• Record set:
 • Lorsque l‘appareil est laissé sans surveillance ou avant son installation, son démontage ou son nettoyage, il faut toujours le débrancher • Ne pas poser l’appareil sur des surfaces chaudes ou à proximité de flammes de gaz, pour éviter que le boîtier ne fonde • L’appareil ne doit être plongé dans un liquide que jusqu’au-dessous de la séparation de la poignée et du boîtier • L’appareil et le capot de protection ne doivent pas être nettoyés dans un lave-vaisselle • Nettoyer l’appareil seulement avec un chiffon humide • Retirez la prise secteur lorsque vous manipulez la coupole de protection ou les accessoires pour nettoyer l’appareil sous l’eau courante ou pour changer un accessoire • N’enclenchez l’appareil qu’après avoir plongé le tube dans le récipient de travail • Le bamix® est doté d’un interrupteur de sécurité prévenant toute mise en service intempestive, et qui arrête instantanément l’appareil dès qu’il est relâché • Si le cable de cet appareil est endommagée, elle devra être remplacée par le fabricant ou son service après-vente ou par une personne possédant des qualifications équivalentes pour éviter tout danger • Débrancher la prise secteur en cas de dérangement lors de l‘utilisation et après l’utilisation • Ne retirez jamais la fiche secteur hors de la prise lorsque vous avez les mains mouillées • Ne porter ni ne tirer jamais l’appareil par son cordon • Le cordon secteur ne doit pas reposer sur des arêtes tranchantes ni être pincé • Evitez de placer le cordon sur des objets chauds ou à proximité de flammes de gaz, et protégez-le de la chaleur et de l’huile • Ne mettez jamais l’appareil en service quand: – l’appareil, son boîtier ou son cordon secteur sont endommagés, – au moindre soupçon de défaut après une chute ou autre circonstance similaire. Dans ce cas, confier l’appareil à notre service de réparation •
--
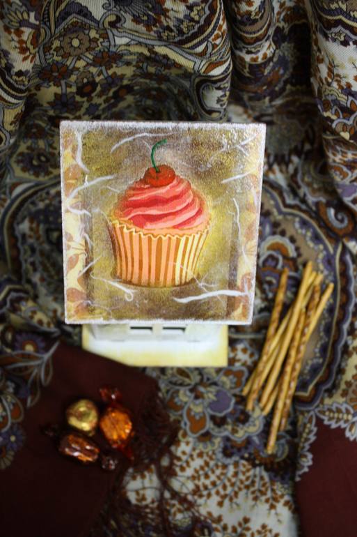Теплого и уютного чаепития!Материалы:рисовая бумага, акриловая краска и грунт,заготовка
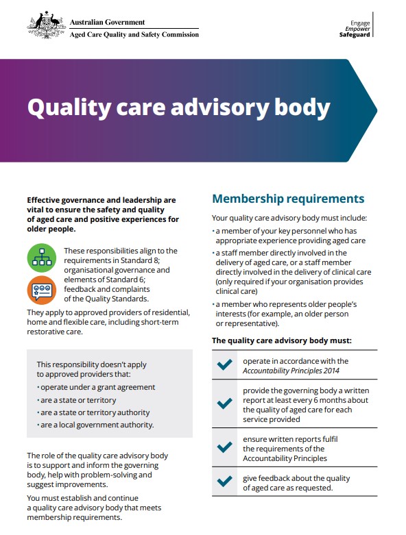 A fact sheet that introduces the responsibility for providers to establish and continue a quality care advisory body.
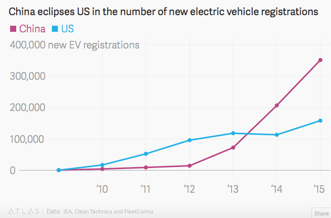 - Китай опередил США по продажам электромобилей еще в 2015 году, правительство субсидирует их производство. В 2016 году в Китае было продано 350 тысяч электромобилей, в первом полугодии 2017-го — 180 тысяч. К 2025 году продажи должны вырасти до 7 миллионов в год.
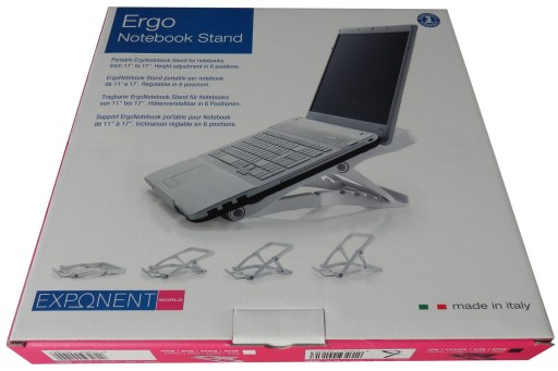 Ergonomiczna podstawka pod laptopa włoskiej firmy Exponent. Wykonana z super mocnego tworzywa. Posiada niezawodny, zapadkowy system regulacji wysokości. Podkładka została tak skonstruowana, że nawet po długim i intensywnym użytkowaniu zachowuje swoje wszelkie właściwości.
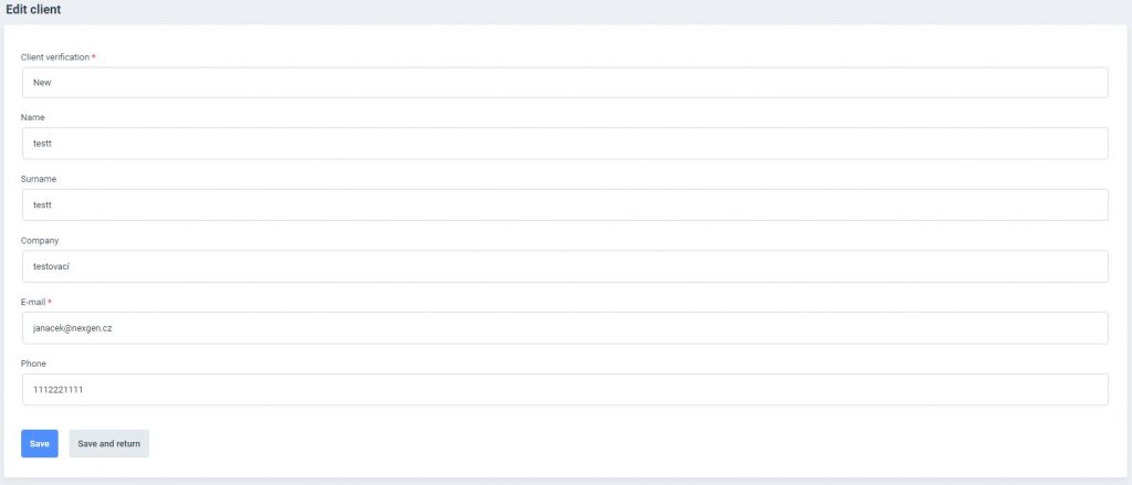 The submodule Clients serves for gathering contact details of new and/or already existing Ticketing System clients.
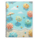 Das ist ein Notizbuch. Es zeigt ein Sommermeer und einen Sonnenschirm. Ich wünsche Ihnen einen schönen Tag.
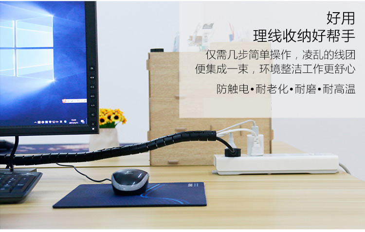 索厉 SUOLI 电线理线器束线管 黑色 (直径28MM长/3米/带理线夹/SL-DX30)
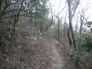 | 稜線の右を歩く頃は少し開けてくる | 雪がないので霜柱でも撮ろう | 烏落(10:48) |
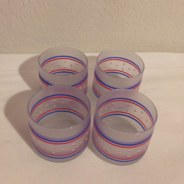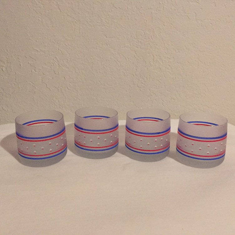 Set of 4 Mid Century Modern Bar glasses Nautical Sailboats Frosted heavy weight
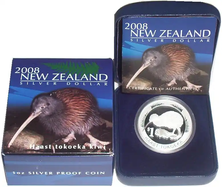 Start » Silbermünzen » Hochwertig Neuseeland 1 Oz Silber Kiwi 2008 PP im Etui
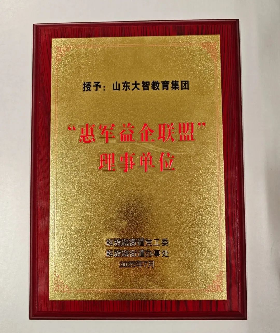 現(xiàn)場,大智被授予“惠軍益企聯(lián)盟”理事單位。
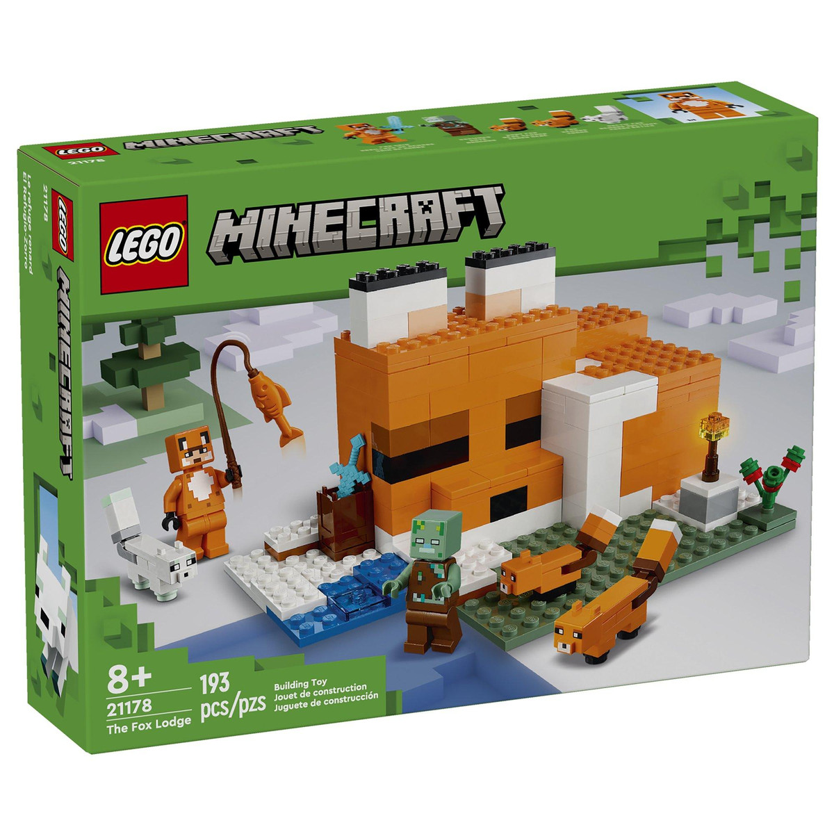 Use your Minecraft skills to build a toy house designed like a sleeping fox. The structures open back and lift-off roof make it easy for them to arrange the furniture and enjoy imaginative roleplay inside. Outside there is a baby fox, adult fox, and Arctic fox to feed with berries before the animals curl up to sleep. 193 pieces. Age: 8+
...
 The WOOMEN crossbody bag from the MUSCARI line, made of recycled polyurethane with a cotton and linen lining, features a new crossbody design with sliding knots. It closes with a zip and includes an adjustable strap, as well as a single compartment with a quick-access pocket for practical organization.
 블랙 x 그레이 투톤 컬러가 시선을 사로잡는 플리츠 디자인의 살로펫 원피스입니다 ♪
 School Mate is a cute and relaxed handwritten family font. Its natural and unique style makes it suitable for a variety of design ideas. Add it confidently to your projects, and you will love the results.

• Problem statement: For the material above, reproduce exactly the lines from the line with "The WOOMEN crossbody" to the line with "School Mate is", inclusive, and exclude all others.

• Task answer:
 The WOOMEN crossbody bag from the MUSCARI line, made of recycled polyurethane with a cotton and linen lining, features a new crossbody design with sliding knots. It closes with a zip and includes an adjustable strap, as well as a single compartment with a quick-access pocket for practical organization.
 블랙 x 그레이 투톤 컬러가 시선을 사로잡는 플리츠 디자인의 살로펫 원피스입니다 ♪
 School Mate is a cute and relaxed handwritten family font. Its natural and unique style makes it suitable for a variety of design ideas. Add it confidently to your projects, and you will love the results.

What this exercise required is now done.